Have you ever had someone in your life that left it and you aren’t sure why? It is not as if it was anything horrible, or some huge blow up or argument, just a choice one day for things to be different, so much so that you can’t even understand why it happened. It doesn’t matter what type of relationship it is, or was, it still leaves you feeling like something is missing, something important to you, like your lucky charm, or rabbits foot, after its been lost… you are still reaching for it hoping to find it right where you left it.
In my life I sort of collect people, like a rare gem collection, I carry them with me forever. I have friends in my life from when I was just a child that I still keep up with, it may not be every day, and it may not be once a month, but they are still there… within reach. Recently, someone left my life and as hard as I try to come to some reconsiliation towards the reasoning, it always leaves me with a question. It’s not as though they aren’t still there, its just that everything changed so quickly that I really can’t wrap my brain around the reasoning behind it and somewhere deep down I wish it was different.

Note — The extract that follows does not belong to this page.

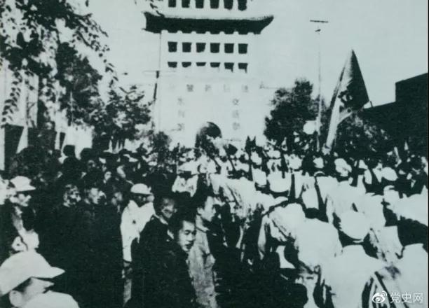 ▲1949年8月,蘭州解放。圖為第一野戰(zhàn)軍開進蘭州市區(qū)。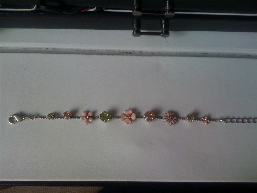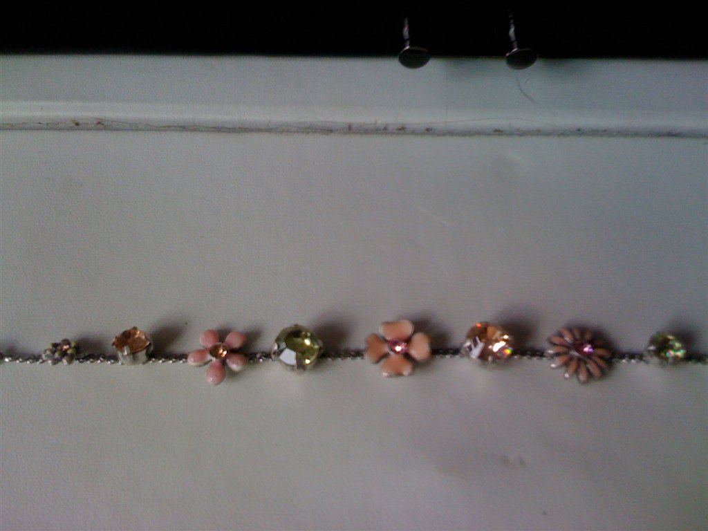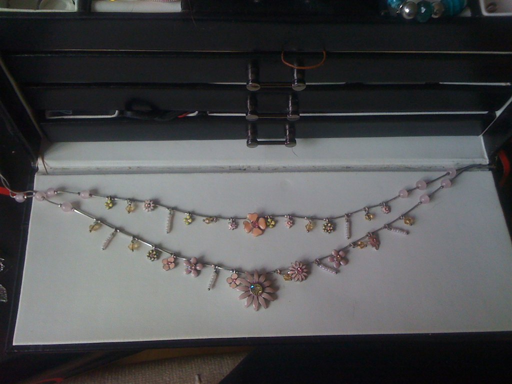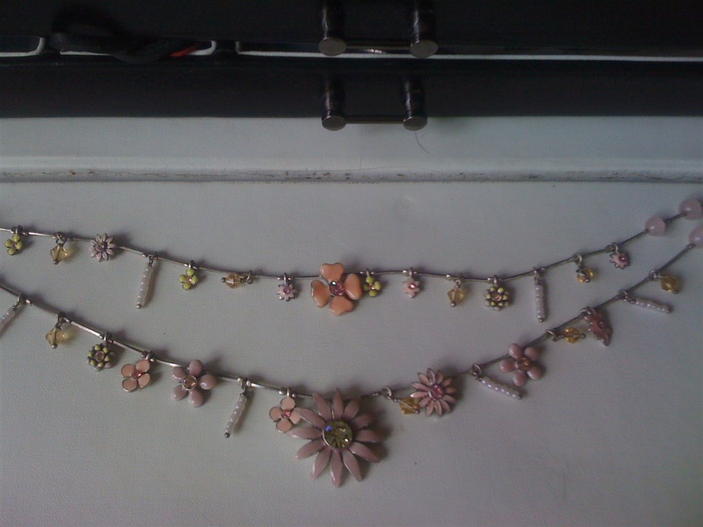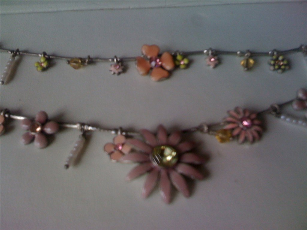 2 rækket halskæde med blomster + armbånd. Kan lukkes i flere længder

For now, the hard part is accepting the loss and not understanding the why of it all… why do we all want and need closure to understand and move on in life? Why is speaking the truth so difficult for some? In reality, there is little that could be said that would hurt my feelings, as I get older, peoples thoughts/feelings/opinions of the person I am, mean absolutely nothing… but still at times an explanation of what might have occurred would be reasonable in most instances…
For now, its as if suddenly a piece of me is missing, like a finger is gone and I have no idea what happened to it… maybe with time it will re-grow and I will get passed the nagging feeling that I have lost something important and significant to me… until then, I will focus on the amazing people that want to be in my life and enjoy them to the fullest.